Filter material from a source such as a filter tow assembly is advanced toward the forming device. Accordingly, an inlet of the forming device is connected to a terminating end of the filter material feed path. The forming device is adapted to form the filter material into a continuous bar-shaped filter body and with an outlet for supplying the formed continuous filter body for further processing. The forming device comprises a tubular element adapted to allow filter material to pass therethrough to form the filter material into the continuous filter body. The tubular element may be funnel-shaped at the inlet to facilitate insertion of the filter material. The inner walls of the tubular element preferably define the outer surface of the continuous filter body and preferably determine, among others, its diameter. The inner walls of the tubular element “compress” the filter material into a bar. Furthermore, in order to make the filter material rigid and have an essentially constant shape, a heat source adapted to heat the filter material passing through the tubular element may also be provided, so that the possibly present binding material, such as the plasticizer possibly present in the filter material, provides the bond between the fibers of the filter material.
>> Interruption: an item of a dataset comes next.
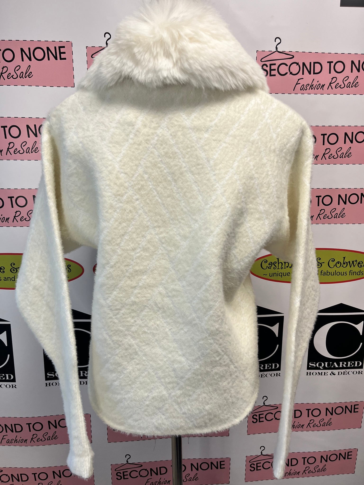 Wrap yourself in cozy charm with this Faux Fur-Collar Zipper Front Cardigan. Super soft and snuggly, it features a zipper front with a playful ring toggle and a touch of vintage flair. Removable collar & 2 pockets. Textured with a zig-zag type pattern. Wear it over your favorite top or rock it solo as the star of your outfit. Perfect with jeans, leather pants, or dressed up with palazzo pants, it’s the versatile piece your wardrobe’s been waiting for. Evidence brand.

Plasticizers are additives that increase the plasticity or flowability of a material.

The heat source could be, for example, a microwave source, an infrared source, or a steam source such as water vapor. The steam source may have a temperature of more than about 120 degrees Celsius, for example more than about 200 degrees Celsius. The selection of the source depends on the type of plasticizer and the way in which the plasticizer can be activated. Preferably, the filter material is heated to a temperature of at least about 30 degrees Celsius, preferably at least about 35 degrees Celsius, preferably at least about 40 degrees Celsius.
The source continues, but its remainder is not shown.